[[ DATA TO USE open ]]
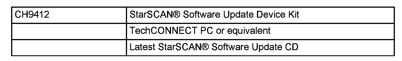 Before performing this Repair Procedure, the operating software in the StarSCAN(R); must be programmed with software release level 7.04 SPI or higher. The software release level is visible in the blue header at the top of the StarSCAN(R) screen.
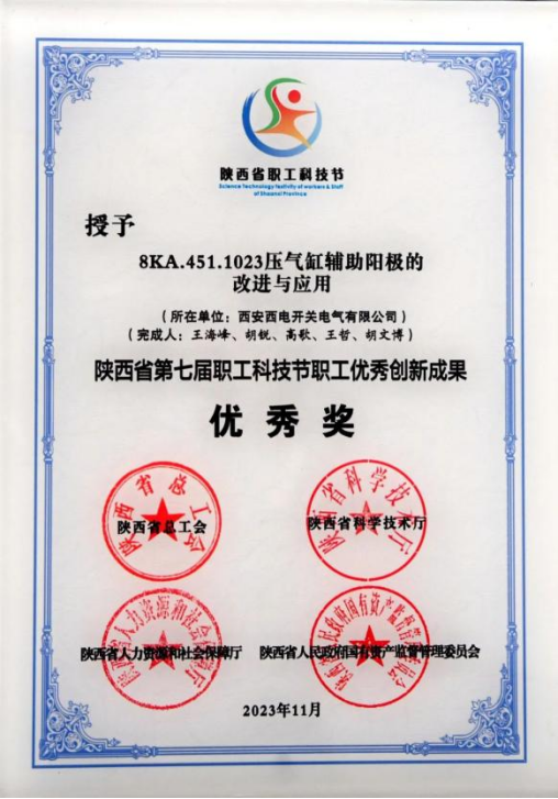 陜西省職工優秀創新成果優秀獎——西開電氣“8KA.451.1023壓氣缸輔助陽極的改進與應用”
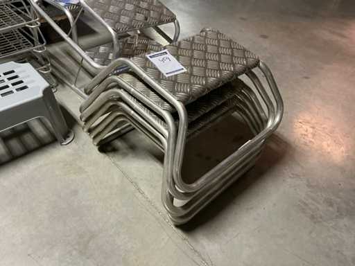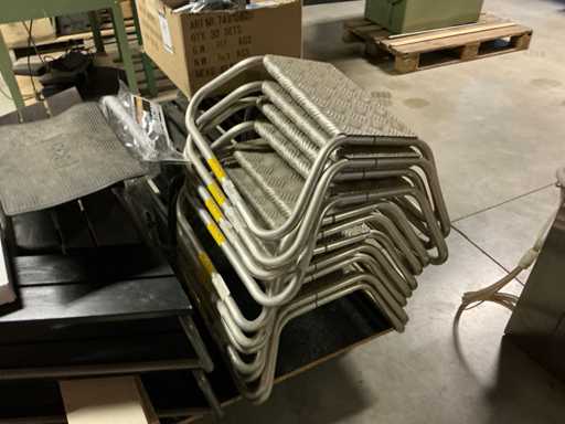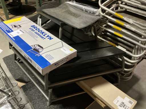 Plastique et aluminium, avec supports latéraux et pieds réglables
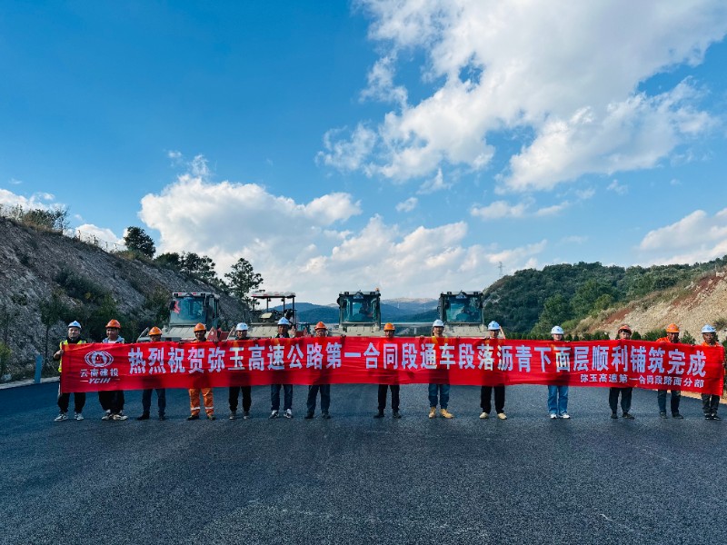 弥玉高速路面工程圆满完成通车范围内主线沥青下面层铺筑
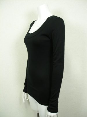 素肌にとても気持ちの良い素材のカットソーです。長めのお袖はくしゅくしゅさせて。
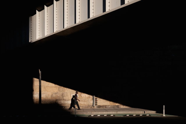 My favorite part of each new exhibit is the look back on what unusual things happened around the District. There’s a great photo by Holly Garner from Pope Francis’ visit—except, in the perfect Exposed-style twist we’re always seeking, the photo isn’t of the Pope, it’s of a gaggle of reporters lounging around camera scaffolding in front of the White House, waiting to get to work. There were so many fun images of The Beach at the National Building Museum, but none like Noe Todorovich’s double exposure that highlights both the surreal-ness of the event and the grandeur of the architecture around it. But then there are images like Messay Shoakena’s Best In Show winner of a man walking outside Union Station framed perfectly in bold shadows. Which reminds me that great art is around us all the time.
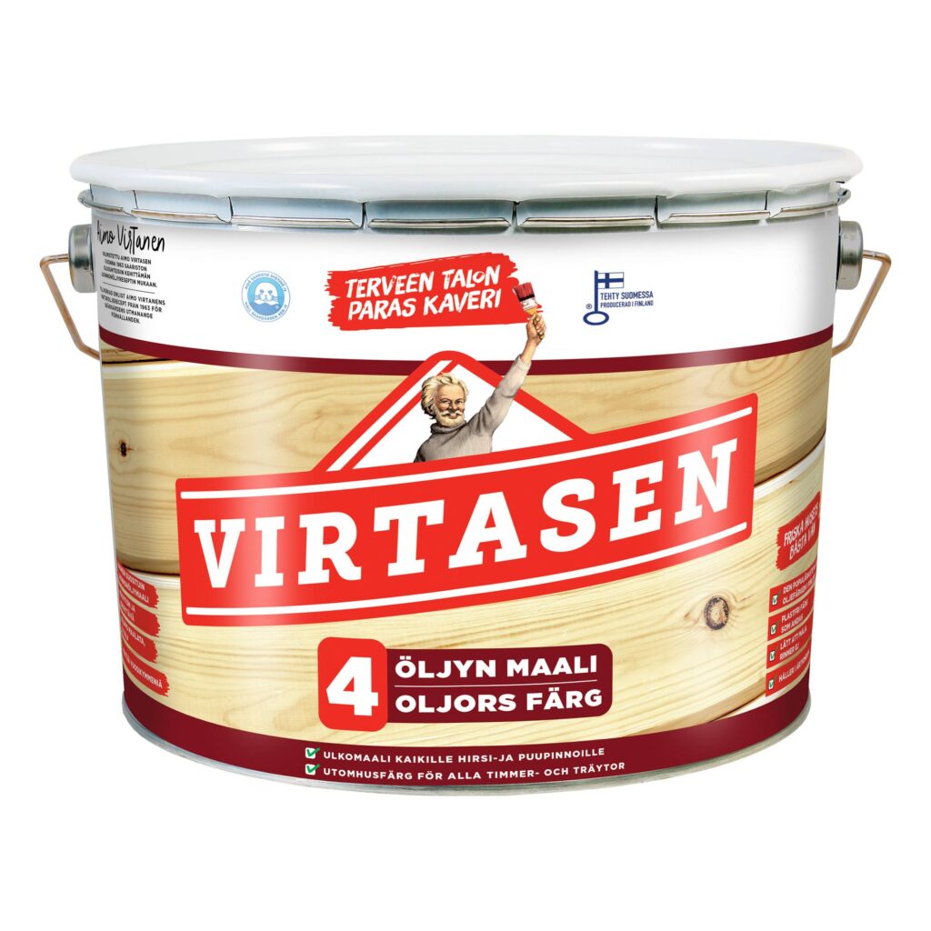 Aimo Virtasen kehittämä 4 Öljyn Maali on oikea valinta niin moderneille hirsitaloille kuin perinteisille puurakenteille. Pellavaöljypohjainen maali sekä hengittää että suojelee puun ydintä. Luonnonöljy ei valu ja maalaaminen on todella helppoa.
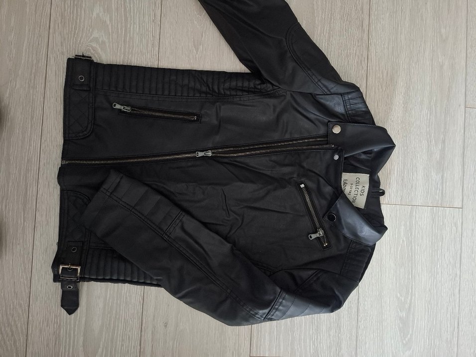 Fermuarlı, kesimli yaka ve askılı kollara sahip siyah deri biker ceket. Orta boyda, dar kesim ve günlük şıklık için uygun.
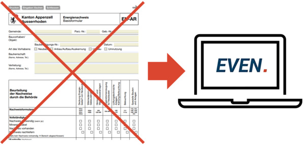 Ab dem 1. Januar 2026 sind alle Energienachweise ausschliesslich über die schweizweite Plattform zum Elektronischen Vollzug Energetischer Nachweise (EVEN) zu erfassen bzw. einzureichen. Nachweise anhand der bisherigen PDF-Formulare werden ab diesem Datum nicht mehr akzeptiert.
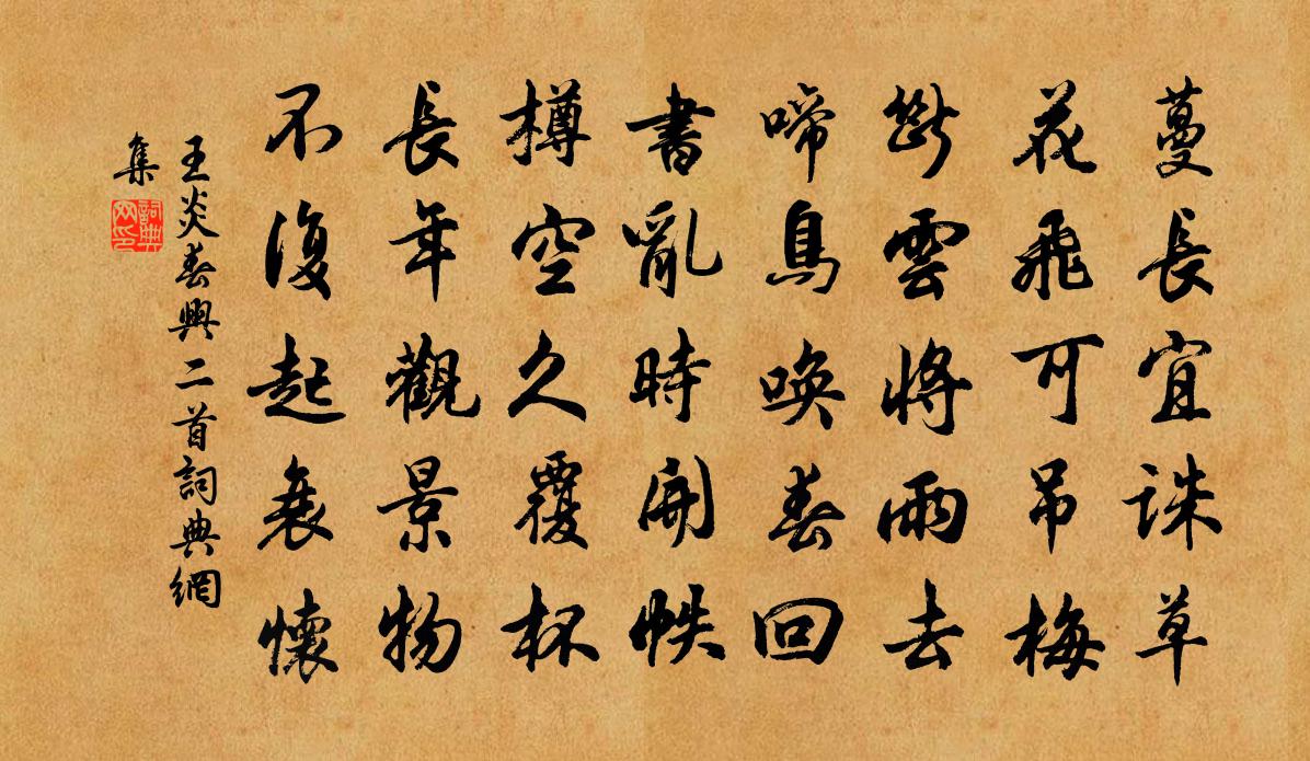 詩詞名句歷史字典書法欣賞書法字典國語詞典說文解字康熙字典古漢語字典標 題 作 者 詩 句 春興二首作者:王炎 朝代:宋代春興二首原文蔓長宜誅草,花飛可吊梅。斷雲將雨去,啼鳥喚春回。書亂時開帙,樽空久覆杯。長年觀景物,不復起衰懷。詩詞問答問:春興二首的作者是誰?答:王炎問:春興二首寫於哪個朝代?答:宋代王炎春興二首書法欣賞春興二首書法作品詩詞推薦蕪城賦鮑照〔南北朝〕沵迆平原,南馳蒼梧漲海,北走紫塞雁門。柂以漕渠,軸以昆崗。重關復江之隩,四會五達之莊。當昔全盛之時,往體趙崇鉘〔宋代〕皓彩青雲端,飛光落溟渤。渾河與清沚,同受明月魄。勿以清濁殊,天光本無隔。述九頌毓粹程公許〔宋代〕五氣兮順行,萬彙兮嘉生。繄人兮有異,毓其秀兮最靈。紛總總兮橫目,何一濁兮一清。豈後皇兮爾私,命曰賢兮貧客吟施肩吾〔唐代〕l6毯敝衣無處結,寸心耿耿如刀切。今朝欲泣泉客珠,及到盤中卻成血。喜聞太原同院崔侍御台拜兼寄在台三二同年之什李商隱〔唐代〕鵬魚何事遇屯同,雲水升沉一會中。劉放未歸雞樹老,鄒陽新去兔園空。寂寥我對先生柳,赫奕君乘御史驄。若向次姚吏隱惠詩韻楊公遠〔宋代〕相逢一笑信前緣,聞道先吾豈較年。灑落襟期良夜月,沖融氣宇小春天。喜評曲直人間事,懶問肥磽郭外田。忙裡雨後清曉梳頭,讀書懷古堂二首楊萬里〔宋代〕蟲響余霄寂,荷妝赴曉鮮。梳頭花霧裡,照水柳風前。舊雨仍今雨,新年勝故年。登城有佳眺,秋稼正連天。種柳戲題柳宗元〔唐代〕柳州柳刺史,種柳柳江邊。談笑為故事,推移成昔年。垂陰當覆地,聳乾會參天。好作思人樹,慚無惠化傳。書感陸游〔宋代〕襁負客淮潁,髧髦逢亂離。中原遂乖隔,北望每傷悲。泛渭題新賦,游嵩續舊詩。死生雖異世,此意未應移。書窗梅花數枝病起再見瓶中盛開因作王洋〔宋代〕書堂籬落冷如灰,十日相忘亦自猜。初訝凍枝無艷脈,那知寒室自花開。銅瓶結實元非種,蔀屋迎春似有媒。方信春風扇微和蔣防〔唐代〕麗日催遲景,和風扇早春。暖浮丹鳳闕,韶媚黑龍津。澹蕩迎仙仗,霏微送畫輪。綠搖官柳散,紅待禁花新。舞席壽山曲馮延巳〔唐代〕銅壺花滴漏初盡花,高閣雞鳴半空。催啟五門金鎖,猶垂三殿花櫳。階前御柳搖綠,仗下宮花散紅。鴛花數行曉日湖南道中三首王阮〔宋代〕已分餘生老一丘,尚因微祿少游留。夢魂不待山資足,先入江南問釣舟。再賦郡沼雙蓮三絕范成大〔宋代〕館娃魂散碧雲沉,化作雙葩寄恨深。千載不償連理願,一枝空有合歡心。喜見外弟又言別李益〔唐代〕十年離亂後,長大一相逢。問姓驚初見,稱名憶舊容。別來滄海事,語罷暮天鍾。明日巴陵道,秋山又幾重。送彭應期游淮東陳文蔚〔宋代〕昔日淮西今又東,為文怪似史遷公。遠遊要是丈夫志,自足一枝真計窮。紹興以後蜡祭四十二首佚名〔宋代〕筆社備祀,教民美報。時和峁豈,奉本以告。惟照臨功,等於載燾。酌獻雲初,明神所勞。栗亭(趙鴻刻石同谷曰,工部題栗亭十韻,不復見)趙鴻〔唐代〕杜甫栗亭詩,詩人多在口。悠悠二甲子,題紀今何有?句俞君錫〔宋代〕教仆掃枯葉,留僧煎早茶。滿庭芳(景盧有南昌之行,用韻惜別,兼簡司馬漢章)洪适〔宋代〕雨洗花林,春回柳岸,窗間列岫橫眉。老來光景,生怕聚談稀。何事扁舟西去,收杖屨、契闊魚池。流觴近,詩筒名句推薦私勿與人,謀必辟。來俊臣《羅織經·治下卷第三》 徒把金戈挽落暉,南冠無奈北風吹。虞集《挽文丞相》 萬里平湖秋色冷,星辰垂影參然。牛希濟《臨江仙·洞庭波浪颭晴天》 軍歌應唱大刀環,誓滅胡奴出玉關。徐錫麟《出塞》 得寵思辱,居安思危。佚名《增廣賢文·上集》 一寸光陰一寸金,寸金難買寸光陰。佚名《增廣賢文·上集》 侈而墮者貧,而力而儉者富。韓非及後人《韓非子·顯學》 密雲雙鳳,初破縷金團。米芾《滿庭芳·詠茶》 治則衍及百姓,亂則不足及王公。荀子《荀子·君道》 悠悠洛陽道,此會在何年。陳子昂《春夜別友人二首·其一》
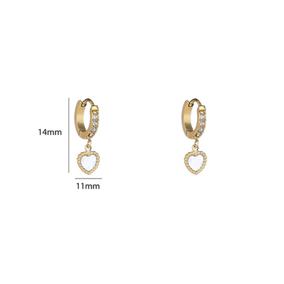 Go Dutch Label oorbellen strass hoop parlemoeren hartje - 14k
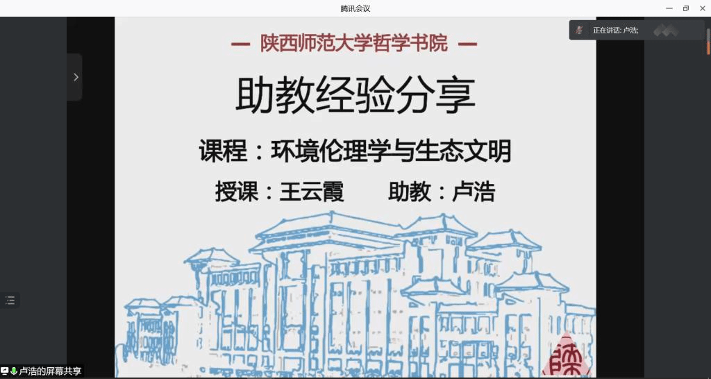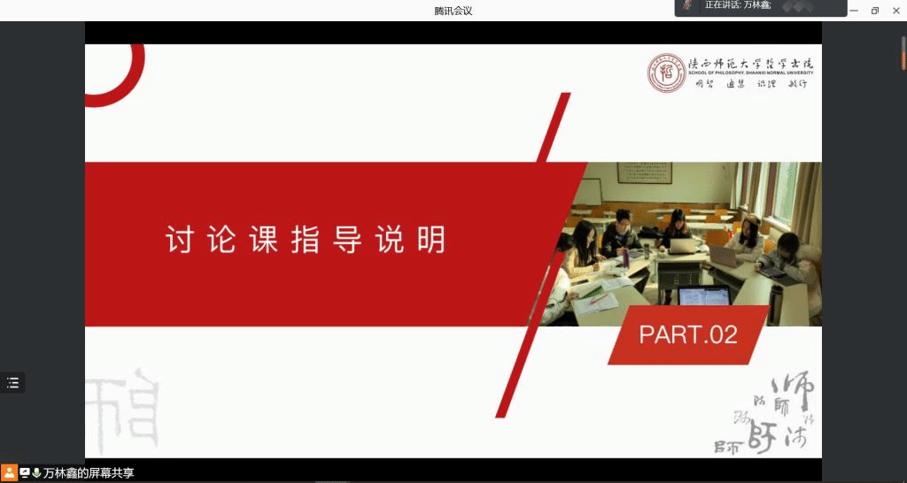 会议第二项议程由三名优秀的往届助教学长分享他们的工作经验。敖安娜、卢浩和高明昊分别分享他们在过去担任助教学长的一些经验和心得,给大家带来的许多宝贵的意见和建议。如向同学分发调查问卷了解班级同学的学习情况和感想,在课程交流群里与同学们真诚互动,以及及时分享课程相关电子学习资源并组织同学相互交流学习等等。此外,他们还分享了一些在工作中遇到的问题和困难。
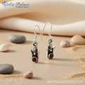These elegant earrings are crafted from high-quality 925 sterling silver. Featuring a unique design with a dark, oxidized finish, each earring showcases a vibrant, round garnet gemstone. The silver setting complements the deep red hue of the garnet, creating a striking contrast. These earrings are ideal for sensitive skin and are nickel-free. Perfect for adding a touch of sophistication to any outfit, these sterling silver garnet earrings are a timeless addition to your jewelry collection. This piece is a beautiful gift for her.
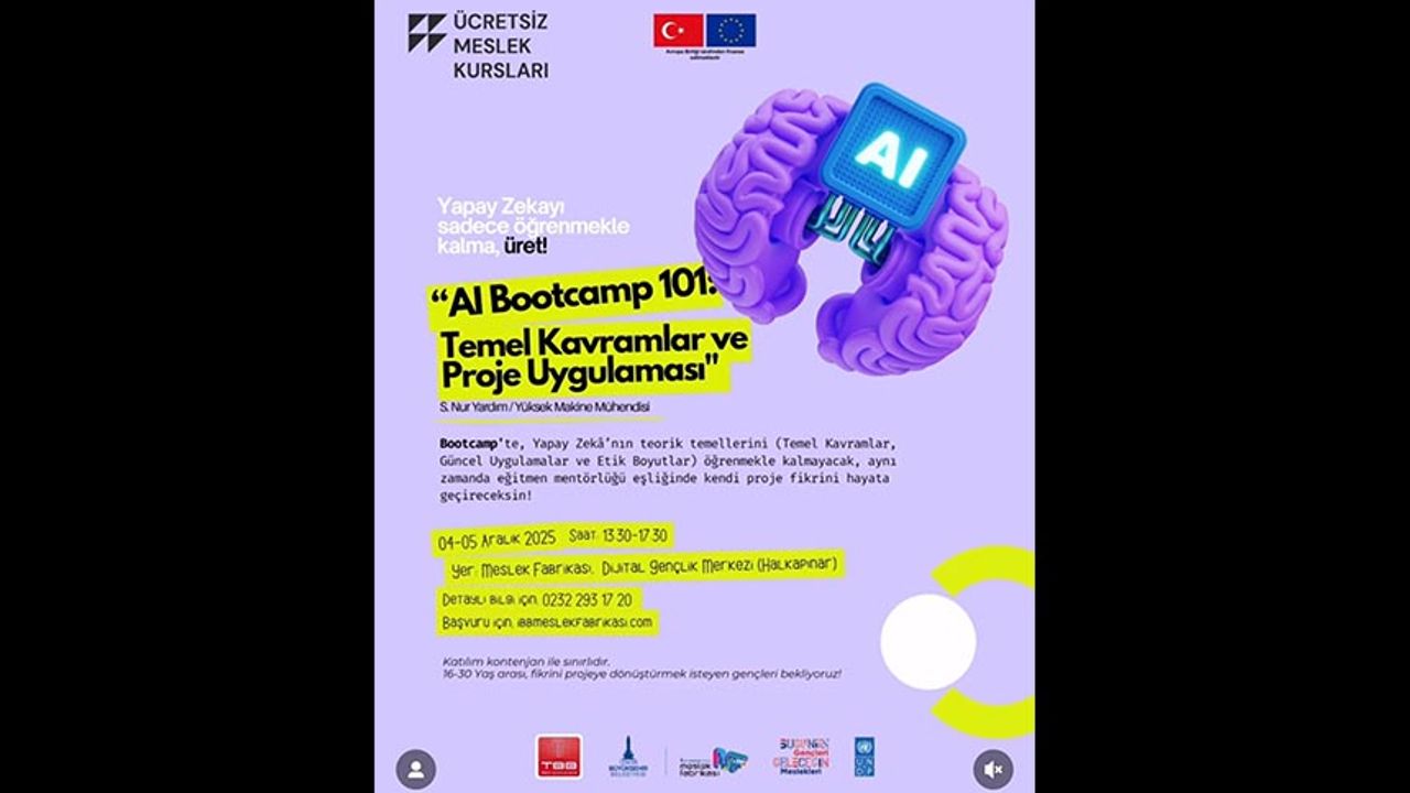 İzmir Büyükşehir Belediyesi Meslek Fabrikası Şube Müdürlüğü, gençlerin dijital yetkinliklerini arttırmak amacıyla önemli bir eğitim programını daha hayata geçiriyor. Avrupa Birliği (AB) tarafından finanse edilen, Türkiye Belediyeler Birliği’nin (TBB) nihai faydalanıcı ve Birleşmiş Milletler Kalkınma Programı’nın (UNDP) uygulayıcı olduğu "Bugünün Gençleri Geleceğin Meslekleri Projesi" kapsamında, "AI Bootcamp 101: Temel Kavramlar ve Proje Uygulaması" eğitimi 4-5 Aralık tarihlerinde düzenlenecek.
[[ DATA TO USE closed ]]
DIRECTIONS:
Print only the lines from the opening line of the listing to the line containing "陜西省職工優秀創新成果優秀獎", inclusive, exactly as they appear and without pictures.

TASK ANSWER:
 Before performing this Repair Procedure, the operating software in the StarSCAN(R); must be programmed with software release level 7.04 SPI or higher. The software release level is visible in the blue header at the top of the StarSCAN(R) screen.
 陜西省職工優秀創新成果優秀獎——西開電氣“8KA.451.1023壓氣缸輔助陽極的改進與應用”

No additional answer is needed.